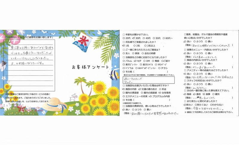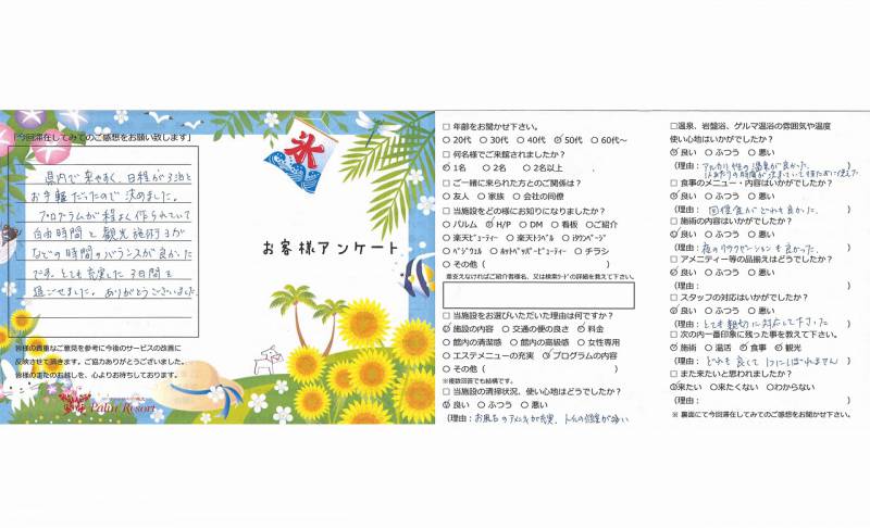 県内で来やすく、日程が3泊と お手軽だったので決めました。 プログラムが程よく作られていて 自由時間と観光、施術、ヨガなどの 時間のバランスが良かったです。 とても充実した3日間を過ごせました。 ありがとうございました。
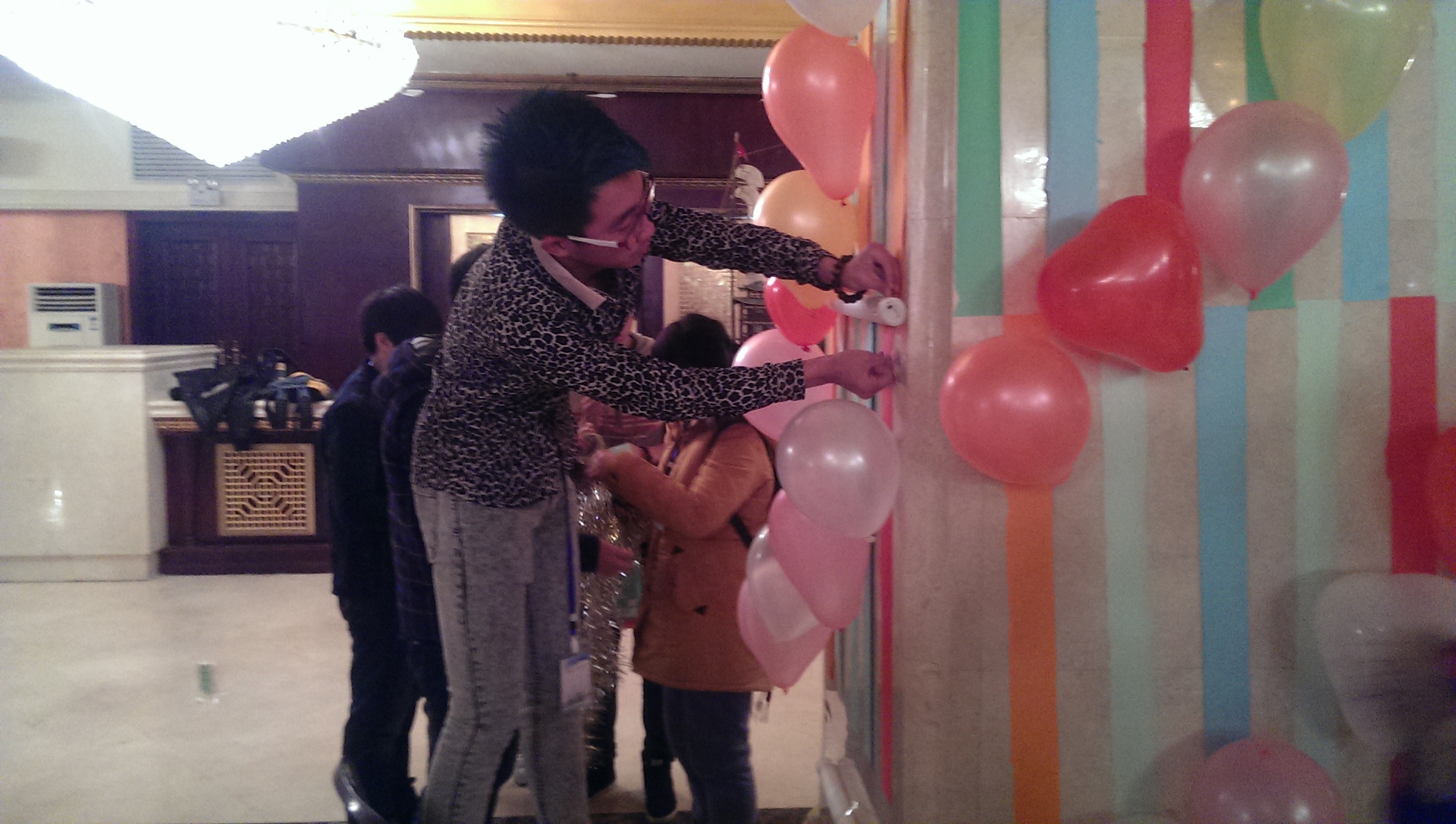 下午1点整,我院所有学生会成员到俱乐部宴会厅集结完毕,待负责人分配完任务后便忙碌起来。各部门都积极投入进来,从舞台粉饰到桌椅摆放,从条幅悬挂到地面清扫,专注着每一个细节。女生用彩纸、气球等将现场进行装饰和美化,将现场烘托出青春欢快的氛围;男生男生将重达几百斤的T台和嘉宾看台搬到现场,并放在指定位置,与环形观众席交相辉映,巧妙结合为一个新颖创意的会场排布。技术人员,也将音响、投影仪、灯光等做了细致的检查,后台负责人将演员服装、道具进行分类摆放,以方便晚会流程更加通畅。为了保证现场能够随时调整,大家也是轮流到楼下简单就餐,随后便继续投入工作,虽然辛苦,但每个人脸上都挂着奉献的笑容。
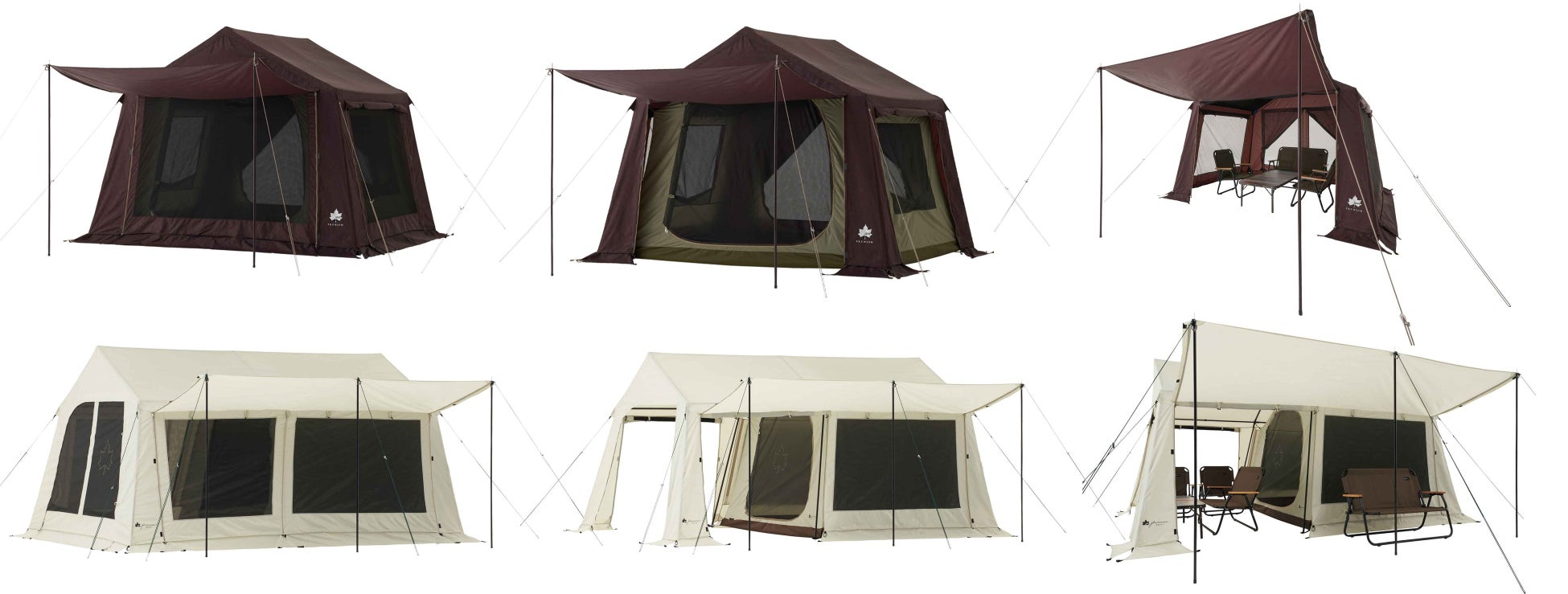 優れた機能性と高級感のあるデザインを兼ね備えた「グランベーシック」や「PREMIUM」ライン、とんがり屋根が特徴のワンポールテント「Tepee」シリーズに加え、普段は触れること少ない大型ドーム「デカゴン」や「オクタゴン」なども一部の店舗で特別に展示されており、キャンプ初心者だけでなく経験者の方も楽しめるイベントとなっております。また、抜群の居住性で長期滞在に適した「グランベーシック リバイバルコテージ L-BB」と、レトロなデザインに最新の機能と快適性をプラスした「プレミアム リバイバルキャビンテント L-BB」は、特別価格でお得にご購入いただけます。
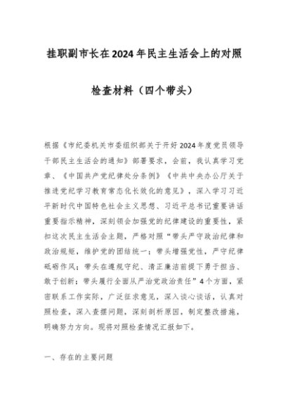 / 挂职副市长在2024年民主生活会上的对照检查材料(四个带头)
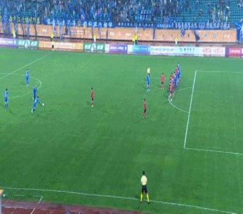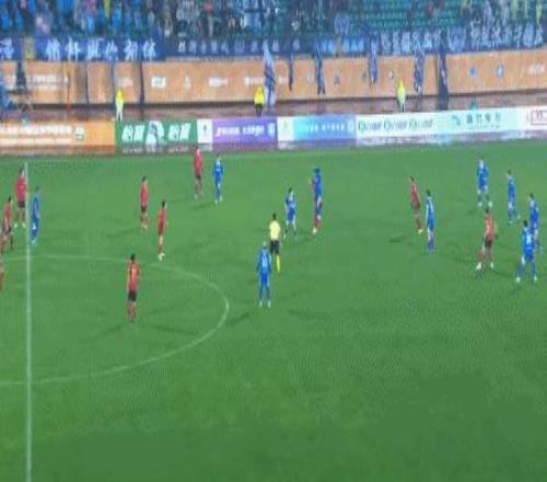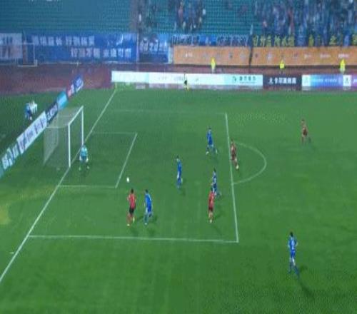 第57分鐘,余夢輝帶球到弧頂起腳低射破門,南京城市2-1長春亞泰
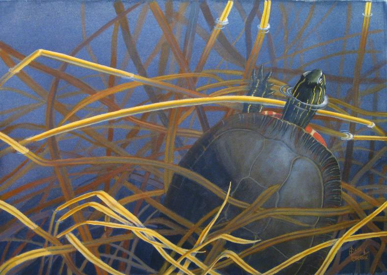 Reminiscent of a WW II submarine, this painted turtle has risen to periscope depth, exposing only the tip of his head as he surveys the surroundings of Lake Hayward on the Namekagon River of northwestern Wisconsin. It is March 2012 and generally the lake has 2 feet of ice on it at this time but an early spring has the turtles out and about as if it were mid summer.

» **Work order**: Could you set down verbatim the lines from the beginning of the entries above through the line containing "下午1点整,我院所有学生会成", both included, leaving out the pictures?

» **Your solution**:
 県内で来やすく、日程が3泊と お手軽だったので決めました。 プログラムが程よく作られていて 自由時間と観光、施術、ヨガなどの 時間のバランスが良かったです。 とても充実した3日間を過ごせました。 ありがとうございました。
 下午1点整,我院所有学生会成员到俱乐部宴会厅集结完毕,待负责人分配完任务后便忙碌起来。各部门都积极投入进来,从舞台粉饰到桌椅摆放,从条幅悬挂到地面清扫,专注着每一个细节。女生用彩纸、气球等将现场进行装饰和美化,将现场烘托出青春欢快的氛围;男生男生将重达几百斤的T台和嘉宾看台搬到现场,并放在指定位置,与环形观众席交相辉映,巧妙结合为一个新颖创意的会场排布。技术人员,也将音响、投影仪、灯光等做了细致的检查,后台负责人将演员服装、道具进行分类摆放,以方便晚会流程更加通畅。为了保证现场能够随时调整,大家也是轮流到楼下简单就餐,随后便继续投入工作,虽然辛苦,但每个人脸上都挂着奉献的笑容。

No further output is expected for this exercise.